Digitale Unterstützungsangebote und Ambient Assisted Living: Evidenzbasierte digitale Unterstützungsangebote tragen zur Stabilisierung pflegerischer Settings bei und werden Bestandteil der Pflegehilfsmittelversorgung. Systeme für Ambient Assisted Living werden mittels bundeseinheitlicher Rahmenvorgaben und Abgrenzungskriterien in die Leistungen zur Verbesserung des Wohnumfeldes aufgenommen. (Frühzeitige) Wohnraumberatung und digitale Beratung sollten möglichst Hand in Hand erfolgen.

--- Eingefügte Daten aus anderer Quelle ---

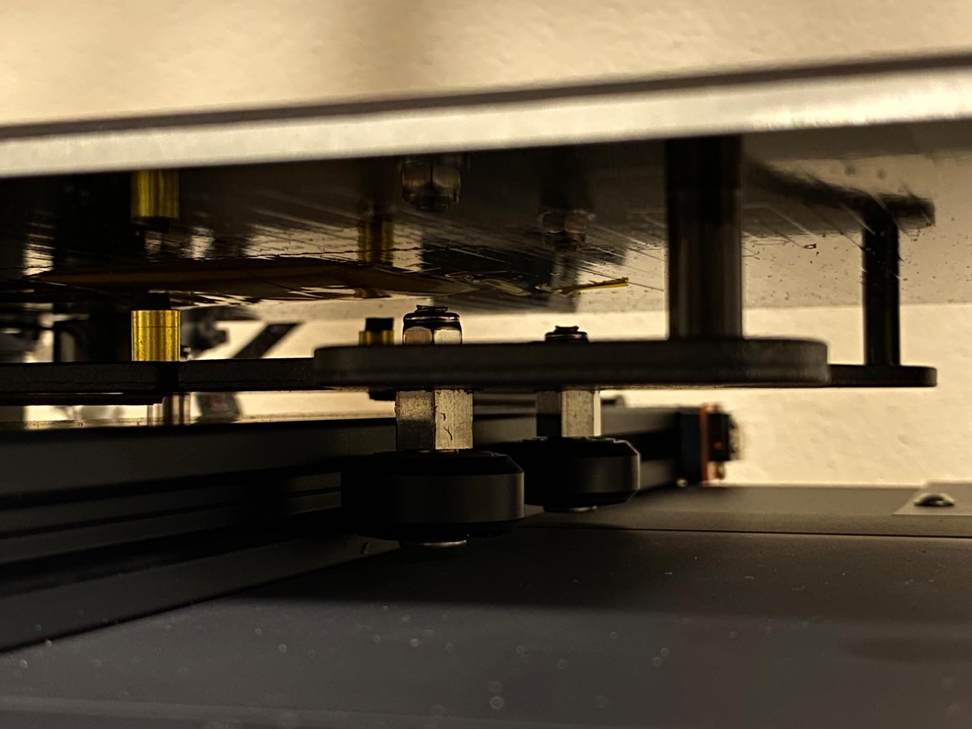 Die Fixierung des Druckbetts läuft über vier Spannrollen. Die von vorne betrachtet rechts befindlichen Spannrollen sind verstellbar. Beim Druckkopf sind die unteren beiden verstellbar und bei der Z-Achse die beiden innenliegenden Spannrollen.

Gerätegestützte Telemedizin: Die flächendeckende Integration gerätegestützter telemedizinischer Versorgungswege verhindert, dass pflegebedürftige Menschen vermeidbare Krankenhauseinweisungen erfahren. Das ist häufig der Fall, wenn die persönliche Begutachtung durch ärztliches Personal am Telefon hinreichend möglich und der Weg zur nächsten Hausarztpraxis zu weit ist. Die Folge sind erhebliche Belastungen der pflegebedürftigen Menschen und finanzielle Kosten für das Gesundheitssystem. Zu diesem Zweck zugelassene, digital vernetzte Medizingeräte machen eine Messung des Blutdrucks und Pulses möglich. Dabei führt die Pflegeperson die Maßnahme vor Ort im Pflegeheim oder dem Zuhause der pflegebedürftigen Person durch, während die Begutachtung dank neuester Mobilfunkstandards und Breitbandanbindungen asynchron oder im Bedarfsfall sogar in Echtzeit durch ärztliches Personal in den Praxen erfolgt.

Robotik in der Pflege: Die Robotik hat das Potenzial, das Pflegepersonal in Zukunft erheblich zu entlasten, indem sie körperlich anstrengende Aufgaben wie das Heben und Umlagern von Patienten übernimmt und bei alltäglichen Tätigkeiten wie Essen, Anziehen oder der Mobilität hilft. Roboter können zudem Vitaldaten überwachen, Routineaufgaben automatisieren und bei der Rehabilitation oder sozialen Interaktion mit Patienten unterstützen.

Digitale und technische Unterstützungssysteme können unter Wahrung der Privatsphäre zur Stärkung der Gesundheitskompetenz, zu mehr Selbstständigkeit und einer höheren Lebenserwartung beitragen. Sie haben das Potenzial, pflegebedürftige Menschen dabei zu unterstützen, länger selbstbestimmt, selbstständig und auf eigenen Wunsch in ihrem gewohnten privaten Umfeld zu verbleiben. Eine größere Selbstständigkeit der pflegebedürftigen Menschen schafft Lebensqualität und entlastet in der Regel auch die informell und beruflich Pflegenden.

10. Nachhaltige Finanzierung der Pflegeversicherung

Bei allen Überlegungen muss der Grundsatz im Vordergrund stehen, dass die Pflegebedürftigen bei der Eigenbeteiligung nicht finanziell überfordert werden dürfen. Um dies zu gewährleisten, müssen die finanziellen Lasten auf viele Schultern verteilt werden. Dies erfordert auch eine Weiterentwicklung des bewährten, robusten und krisenresistenten Umlagesystems.

Darüber hinaus benötigt die SPV langfristig einen zweckgebundenen, verlässlichen und dynamisierten Bundesbeitrag, um die gesamtgesellschaftlichen Leistungen auszugleichen, die von ihr getragen werden. Diese Leistungen fallen in die staatliche Finanzierungsverantwortung und müssen klar abgegrenzt und durch eine vollständige staatliche Finanzierung abgesichert werden. Dazu zählen unter anderem die Übernahme der Rentenzahlungen für pflegende Angehörige sowie Ausbildungskosten und Investitionskosten.